For example, if the A/V content 14 is a segment of video, then the
tags 18 would correspond to individual frames within the video
segment. More than one tag 18 can be associated with any
segment.
[0020] The tags 18 themselves may include a pointer or pointers
that correspond to the timeline of the A/V content 14 to which the
tag 18 has been assigned. Thus, a tag can identify a point within
the media or an interval within the A/V content. The tags 18 also
include whatever information a user of the tagging system 12 wishes
to associate with the A/V content 14. Such information may include
spoken words, typed commands, automatically read data, etc.
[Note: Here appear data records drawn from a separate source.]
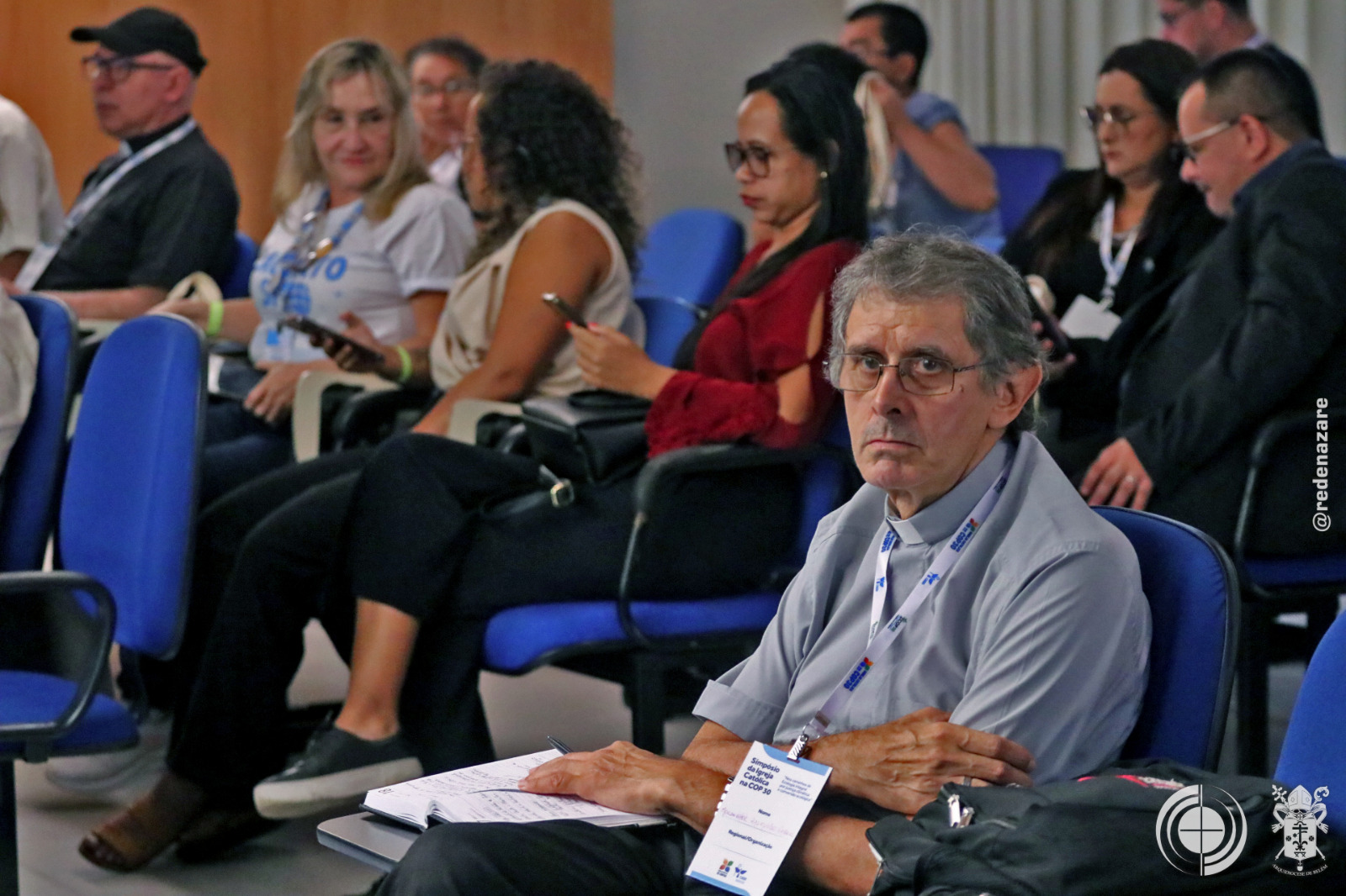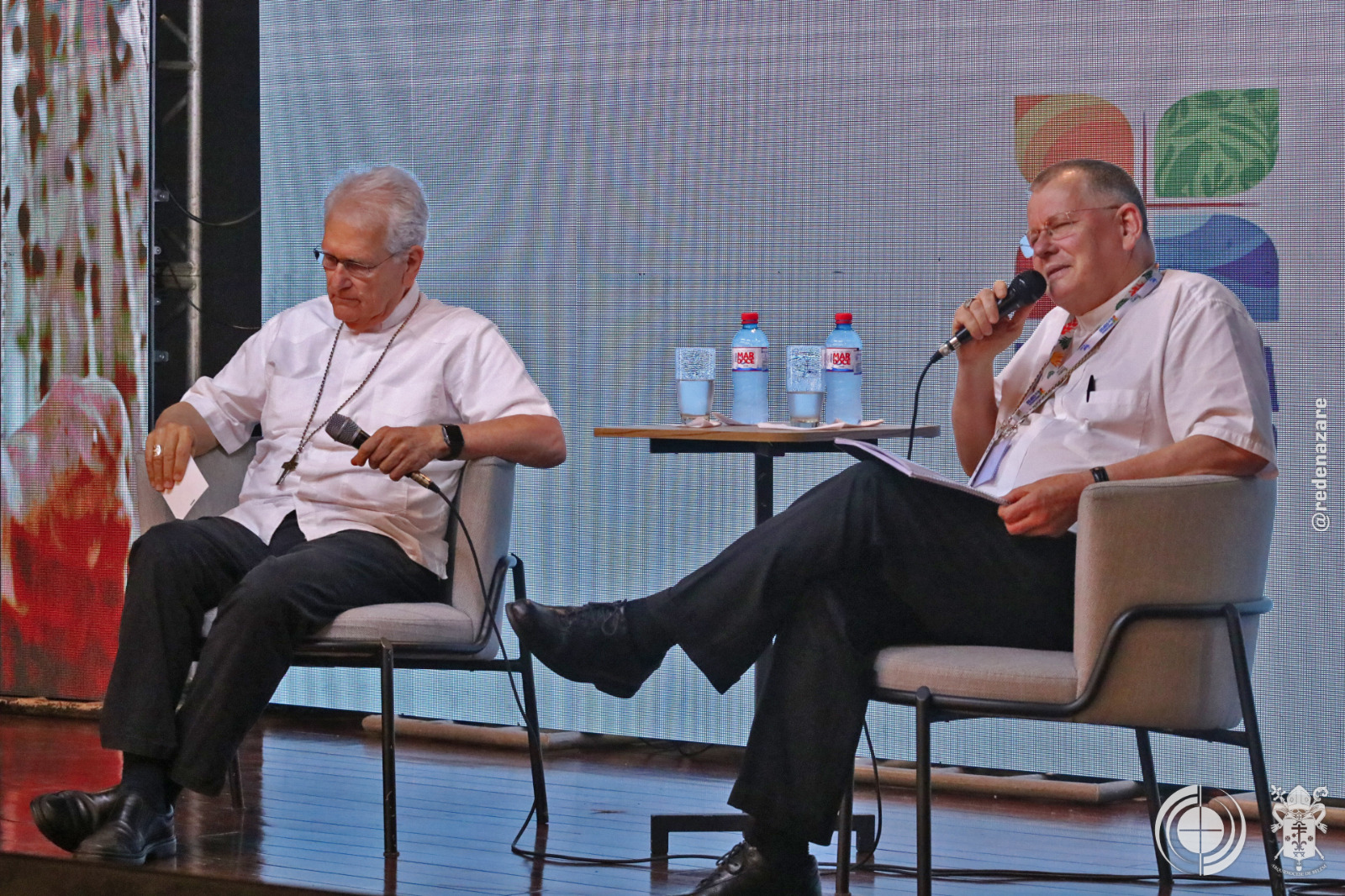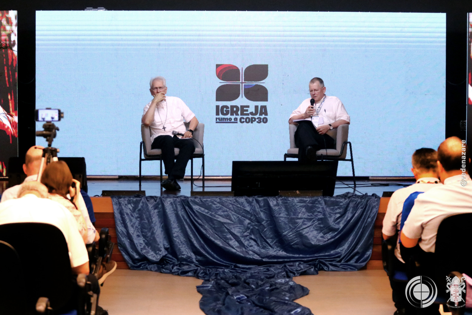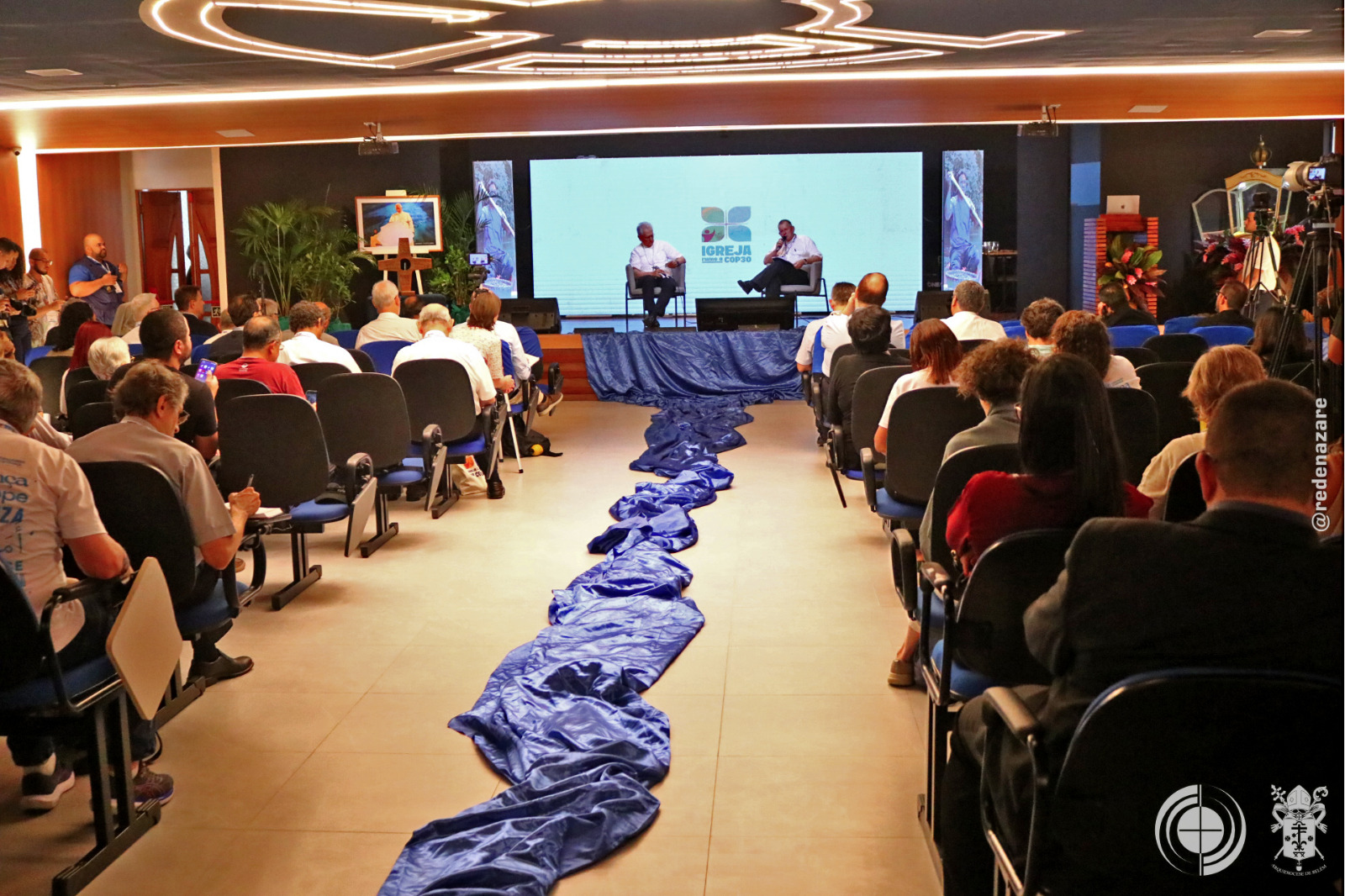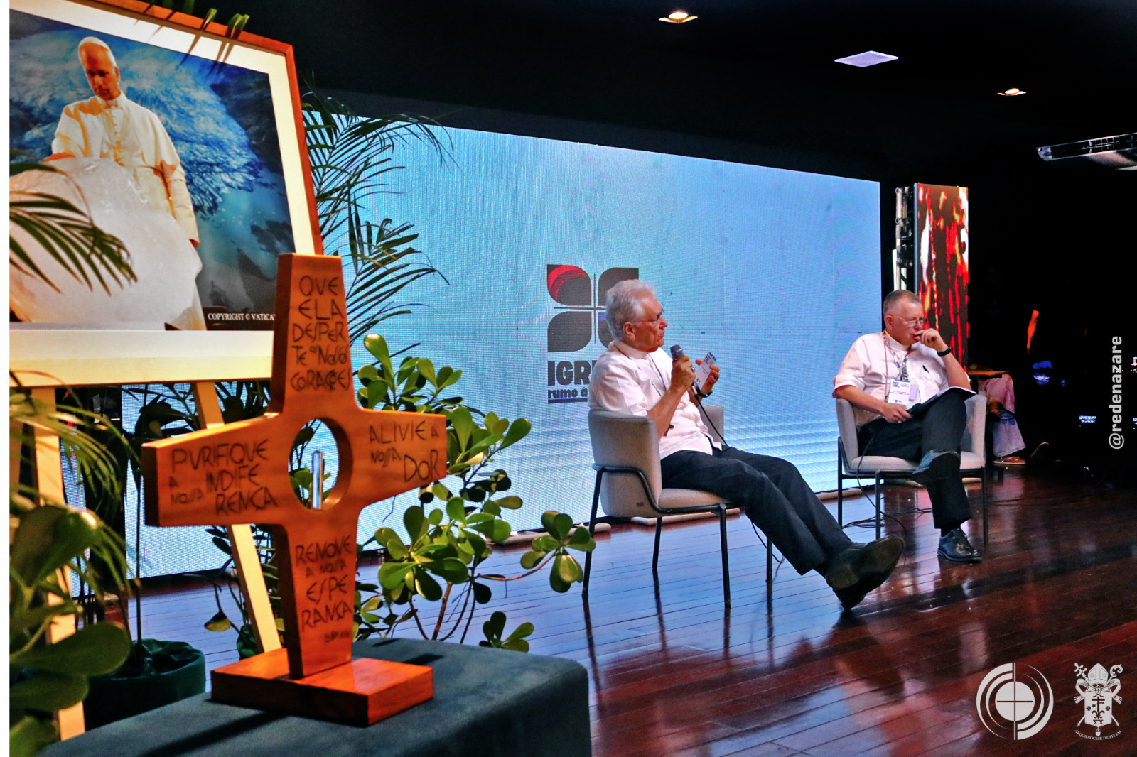 O simpósio não foi apenas um debate, mas um ato litúrgico e profético que era percebido não apenas nas explanações, mas na composição de todo o ambiente. No centro do palco, um tecido chamado “Rio da Esperança”, trazido pelo movimento Laudato Sí, de Roma. O tapete, simbolizou a unidade e a responsabilidade compartilhada sobre as águas. Ao lado, um ícone de madeira em formato de cruz continha água derretida de um bloco de gelo da Groenlândia, abençoada pelo Papa Francisco. A peça peregrinou por santuários brasileiros até a COP30. Estes objetos materializam a crise e a fé que move a ação.
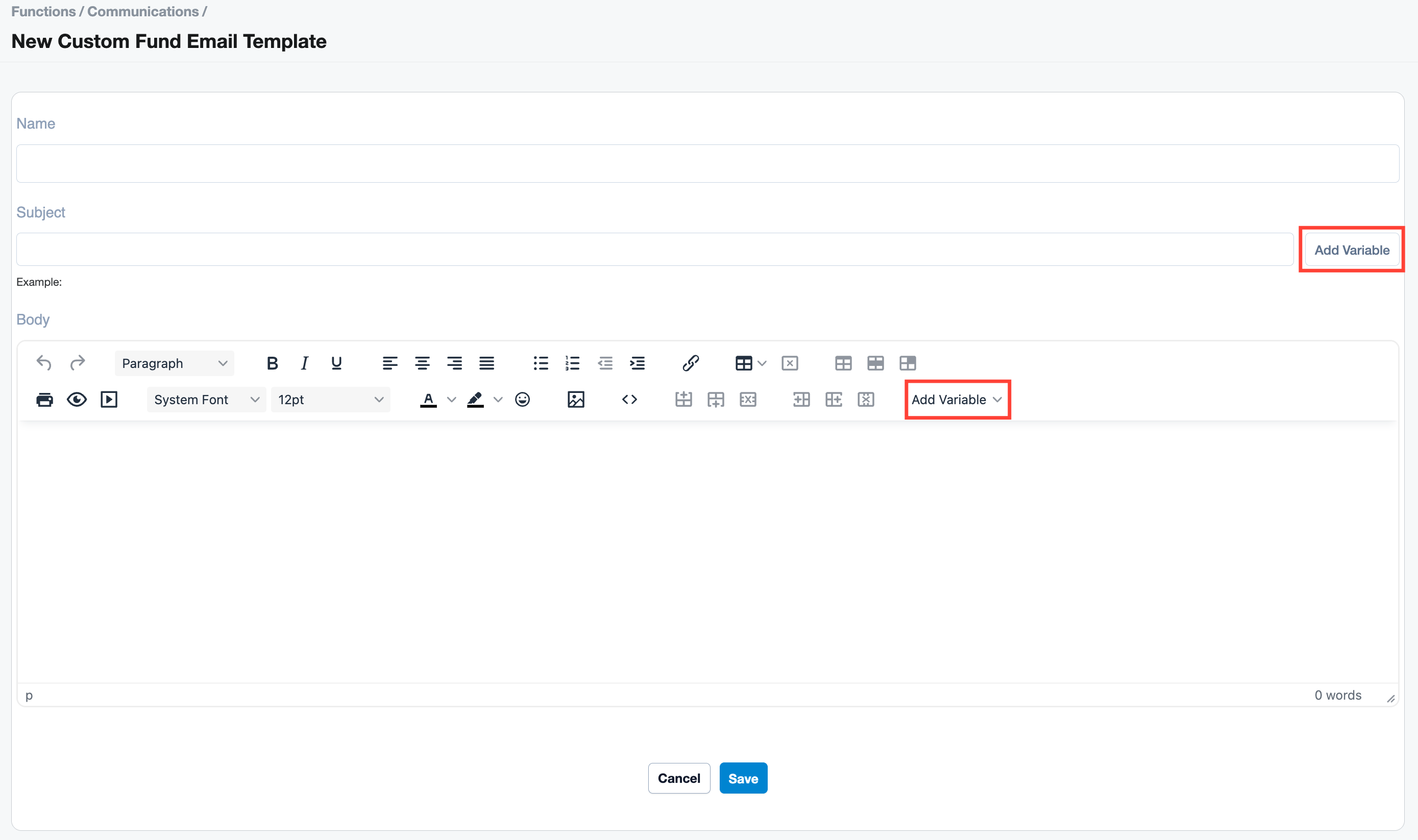 - Use the Body section to customize and create a new template. You can also use the Add Variable menu to include Fund, Investor, Contact.
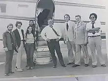 The entire 1976 N.C. Libertarian ticket: Arlan Andrews (far left), candidate for governor; Roger McBride (center), presidential candidate; Carl Wagle (third from right), 5th district Congressional candidate; and Andrew Eiva (second from right, aide-de-camp to Andrews. The others are unidentified. (Photo Courtesy Arlan Andrews)
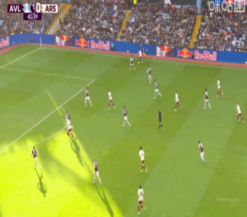 第42分钟,萨卡强突回传,本-怀特打门被没收
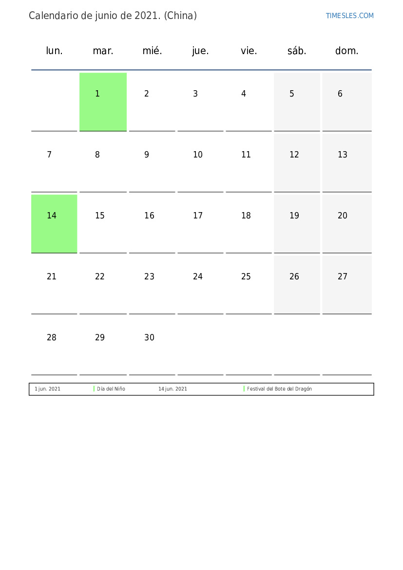 Calendario de feriados y fines de semana de junio de 2021 para China
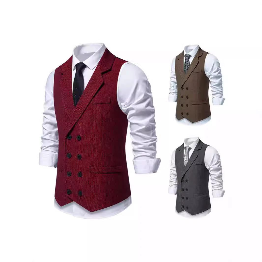 Herren elegante Anzugweste mit doppelt knöpfbarem Design und praktischen Taschen Aliams
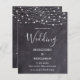 Invite friends and family to your wedding with these elegant yet rustic chalkboard and string lights wedding invitation cards. These unique slate all in one wedding invitations feature elegant white string lights on grey chalkboard slate design with wedding website qr code for easy RSVP's. Personalise these chalkboard wedding invitations with names, wedding date, and location. See our wedding collection for unique wedding invitations, wedding photo albums, guest books, party gifts, and more! COPYRIGHT © 2020 Judy Burrows, Black Dog Art - All Rights Reserved. Budget Rustic Slate String Lights QR Code Wedding

To
store this information, each tag 18 is comprised of multiple fields
with each field. designated to store a specific type of
information. For example, the multi-field tags 18 preferably
include fields to recognized text of spoken phrases, a speaker
identification of a user, confidence score of the spoken phrase,
speech recording of the spoken phrase, language identification of
the spoken phrase, detected scene or objects, physical location
where the media was recorded (e.g., via GPS), and a copyright field
corresponding to protected works comprising part or all of the A/V
content 14. It should be appreciated that any number of other
fields may be included. For example, temperature or altitude of the
shooting scene may be captured and stored in tags to provide
context information useful in later interpreting the tag
information.
[0021] Returning to FIG. 2, the collaborative media indexing system
10 further includes a plurality of inputs 22, 24, 26 in
communication with the tagging system 12. While in the particular
example provided, only three inputs are illustrated, it should be
appreciated that any number of inputs may be used with the
collaborative media indexing system 10. Each input 22-26 may be
coupled to any suitable source of information, such as a
transducer, sensor, a keyboard, mouse, touch-pen, microphone, or
other information system. These inputs thus serve as the source of
the information that is stored in the multi-field tags 18.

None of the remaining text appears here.